Francis recalled the first words the man had spoken to him. “Thank you,” he had said. It is a prayer offered when outstretched hands of one in need are met by the hands of one who gives what one is able. It is a prayer that reverberates across temporal time and place, even to the little town of Bethlehem where once the cry of a poor, cold child lying in a feeding trough echoed through the ages.

“I was blind,” Francis whispered to himself in the darkness. “But now I see!”

Its Own Reward

I summon today,

All these powers between me and those evils,

 Against every cruel and merciless power that may oppose my body and soul,                

Against incantations of false prophets,

Against black laws of pagandom,

Against false laws of heretics,

Against craft of idolatry,

Against spells of witches and smiths and wizards,

Against every knowledge that corrupts man’s body and soul;

Christ to shield me today

Against poison, against burning,

Against drowning, against wounding,

So that there may come to me an abundance of reward.

Saint Patrick’s Breastplate, part 6 (For full poem, click Lent 2016: St. Patrick’s Breastplate above)

I don’t summon armies or guns. I don’t ask for a tank or razor wire. I summon heaven, sun, moon, sea, and rock. I summon the love of the cherubim and the prayers of the patriarchs. I bind unto myself God’s wisdom, eye, ear, word, and hand. These I place between me and all the evils I can imagine – all the things I fear.

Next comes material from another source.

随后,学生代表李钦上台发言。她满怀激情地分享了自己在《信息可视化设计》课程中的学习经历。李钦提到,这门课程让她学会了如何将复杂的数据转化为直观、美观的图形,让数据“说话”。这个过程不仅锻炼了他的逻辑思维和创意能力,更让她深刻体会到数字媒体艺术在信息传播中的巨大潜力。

Even if they can protect my body momentarily, weapons cannot protect me from what I fear. What damages or takes life, what brings fear into the lives of other living creatures, none of it can save me from fear. Only things that give life and love do that, and it is these that stand between me and the evils of this world – the evils others imagine and create, and the evils I imagine and create.

Through the eyes of fear I see only threat and danger under the stars. I cannot see the beauty of this world or the grace of living in it. I am afraid of the neighbors beyond my locked door because they might mean me harm. I see nothing else.

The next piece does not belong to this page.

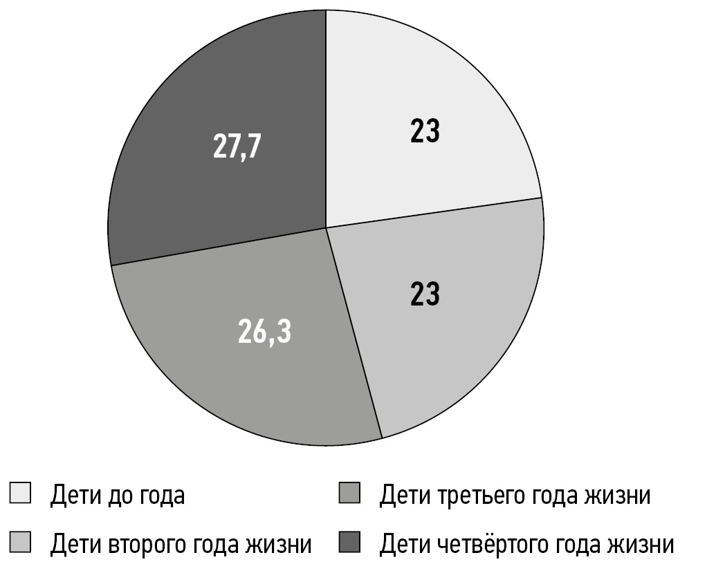 Рис. 1. Распределение детей, нуждающихся в услугах ранней помощи в 2019 г., по возрасту, %.

There is evil in the world. There is evil in me. Fear fosters it in both places. So I place the goodness of creation and the God who created it between me and those evils. I ask Christ to shield me, to give me the strength to see the world through the eyes of love. To see through the eyes of God. They are the same.

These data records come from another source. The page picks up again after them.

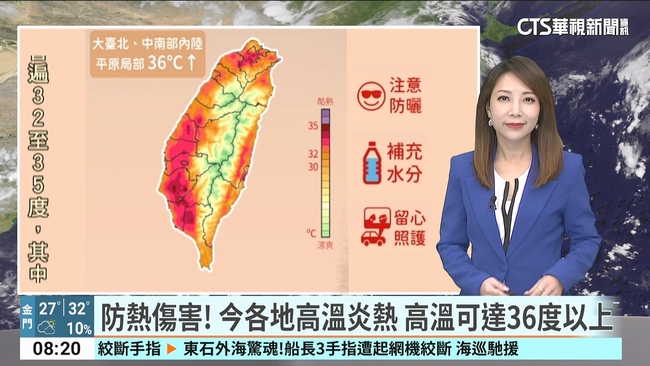今天(13)日各地大多為多雲到晴,臺東、恆春半島偶爾有零星短暫陣雨,清晨西半部地區也有零星短暫陣雨機率,午後在各地山區及西半部近山區平地有局部短暫雷陣雨,其中山區有局部大雨發生,請留意午後天氣變化,外出建議攜帶雨具備用;溫度方面,各地高溫普遍32至35度,其中在大臺北、中南部及臺東地區有局部36度左右或以上高溫發生的機率,中午前後紫外線偏強,戶外活動請注意防曬並多補充水分;澎湖、金門、馬祖均為晴時多雲,氣溫27至32度。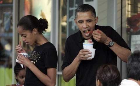 Tổng thống Obama và con gái Malia ăn kem cùng các bạn bè của gia đình bên ngoài đảo tuyết khi đi nghỉ giáng sinh tại Kailua, Hawaii.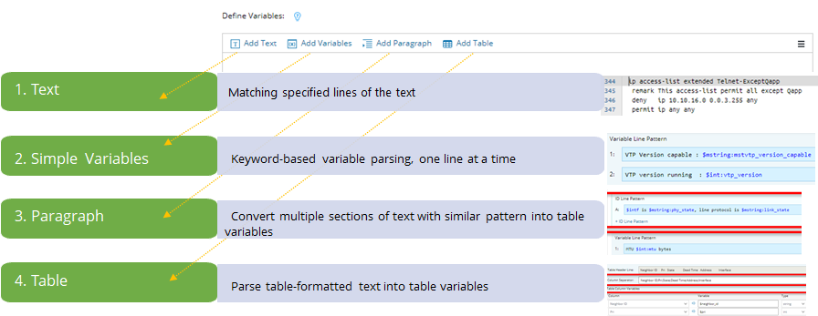 Paragraph parser can parse variables in recurring paragraphs, such as collisions and CRC errors for interfaces, etc., by anchoring paragraph identifier (ID) lines. See Define a Paragraph Parser for more details.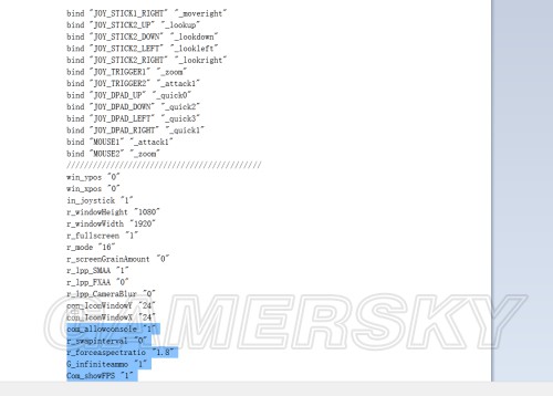 com_allowconsole "1" (加上这条可在游戏中按insert键打开控制台输入其它命令)

There is no fear in love, but perfect love casts out fear; for fear has to do with punishment, and whoever fears has not reached perfection in love. We love because he first loved us. Those who say, “I love God,” and hate their brothers or sisters, are liars; for those who do not love a brother or a sister whom they have seen, cannot love God who they have not seen. The commandment we have from him is this: those who love God must love their brothers and sisters also. I John 4: 18-21, NRSV

Photo on 2015-02-28 at 09.24

Lent, week 6: Saint Patrick’s Breastplate

I summon today


All these powers between me and those evils,


Against every cruel and merciless power 
that may oppose my body and soul

,
Against incantations of false prophets,


Against black laws of pagandom,


Against false laws of heretics,


Against craft of idolatry,


Against spells of witches and smiths and wizards,


Against every knowledge that corrupts man’s body and soul;


Christ to shield me today


Against poison, against burning,


Against drowning, against wounding,


So that there may come to me an abundance of reward.

As a young reader I loved fantasy books. The epic tales featured noble and brave young people who were enmeshed in the battle between Good and Evil: The Lion, The Witch and the Wardrobe, The Lord of the Rings, and Star Wars. Though the battles were difficult, they were always so clear which side was right and which was wrong. And God, the Force, the Truth, was always with the hero.

As an adult I gradually learned that things weren’t so clear and that evil often arises out of good intentions or understandable fears and sometimes from the history and present of our beloved Christian church.

To summon protection from evil as we pray this section of the St. Patrick’s prayer seems to be a much more difficult task. I look at the war in Syria that drags on and on and on. I see evil in the indiscriminate bombing of civilians and leaving people to starve in villages laid seige. But is evil also in the people traffickers who lead refugees to die in rickety boats and washed up on Greek beaches? Is evil to be found in countries refusing to take in refugees or those who refuse to help fund the cost for their care? How do I pray for protection from this?

If I choose to live in the world, to really listen and learn and live an examined life, I open myself up to truly seeing evil that may oppose my body and soul. And equally, to understand the evil I may unwittingly or reluctantly participate in as part of a larger society, nation, or my particular gender or race that opposes or oppresses others.

The political primary process that daily comes to us in the form of 30 second bursts seems very much to be about the challenge of evil. Is evil “out there” such that we can wall it off or regulate it away? Or is evil within our nation in entrenched income equality and institutional racism? Politicians rise up as prophets speaking incantations that promise change and protection in exchange for our vote.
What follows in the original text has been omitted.